In the end there was to be no denying Manchester City, no excruciating stress to endure as Brighton & Hove Albion repelled the barrage whipped up by the visitors on the south coast and no nail-biting finale as City strained for a winner while news filtered through of Liverpool’s ascendancy on distant Merseyside. What tension that existed here had been lanced after a little over an hour. Everything thereafter was a celebration of the champions’ excellence.
City know they have been challenged this year, stretched wonderfully by Liverpool’s startling progress. The mind-boggling tally of points collected by Jürgen Klopp’s side would have been enough to claim the championship in all but three of the previous 119 campaigns based on three points for a win and yet it was still not enough to overhaul Pep Guardiola’s team.
They have won 198 points across two seasons, a staggering haul. Their 95th top-flight goal of the campaign, a free-kick whipped sumptuously into the top corner by Ilkay Gündogan, summed it all up. Mat Ryan sprang to his left but could not lay a glove on it. Opponents have been trying and failing to do that with City all season.
Not for a decade has a side retained this title but the form mustered in the run-in – 14 successive wins stretching back to a defeat at Newcastle in late January – represented a blistering response to the challenge on their authority being mustered from Anfield. Times had been slightly more trying over recent weeks when Liverpool simply would not let up, with a succession of slender wins keeping the holders marginally ahead, and there would be early pangs of anxiety here against opponents liberated from their fears of relegation.
Brighton were more adventurous than normal and Glenn Murray’s header, the striker reaching Pascal Gross’s corner ahead of a flailing Ederson, had represented City’s first deficit in a Premier League match since that defeat at St James’ Park.
Perhaps uncertainty would have crept in if that advantage had held a little longer, say to the interval. Maybe City would have wilted as they chased the contest, particularly with confirmation of Sadio Mané’s goal at Anfield having rippled round the arena. In hindsight neither of those seemed remotely plausible. The worst thing Brighton could have done was to provoke them. Where the visitors had initially been laboured in their monopoly of possession, prone to over-elaboration as they ran aground on Albion’s resistance, the shock of shipping that opener shook them awake.
Suddenly there was urgency. Instantly there was incision.

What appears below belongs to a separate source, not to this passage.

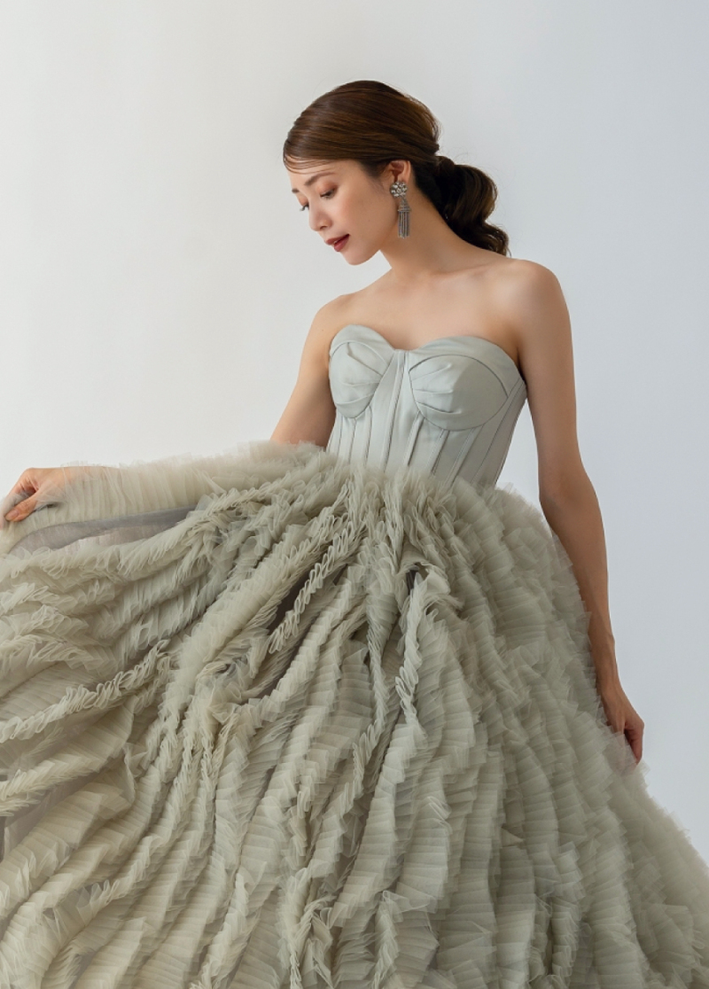スモークツリーのような大人カラーのドレス。デコルテラインを美しく見せるインパクトのあるデザインが特徴です。チュールを一枚一枚贅沢に重ねた立体感のあるスカートで仕上げました。ボリューミーで丸みのあるデザインは大人の可愛さを演出してくれます。

The hope that flared up on Merseyside was snuffed out in 83 seconds as Aymeric Laporte and David Silva, with a flick Chris Hughton described as “sublime”, sent Sergio Agüero into space within sight of goal. The striker slipped a crisp shot through the on-rushing Ryan and in an instant the champions’ momentum had been restored. “The most important thing was this team went behind but came back immediately,” said Raheem Sterling. “The manager here is all about mentality: it’s about winning no matter what. I’m just happy to be under his wing.”
There was an air of inevitability about so much that followed, with Brighton never likely to withstand the onslaught that ensued. Ryan may have done well to deny Bernardo Silva’s diving header but there was pizzazz to City’s passing again and a far more upbeat tempo to their movement. They smothered the life out of their hosts in what remained of the first half, swarming over panicked opponents.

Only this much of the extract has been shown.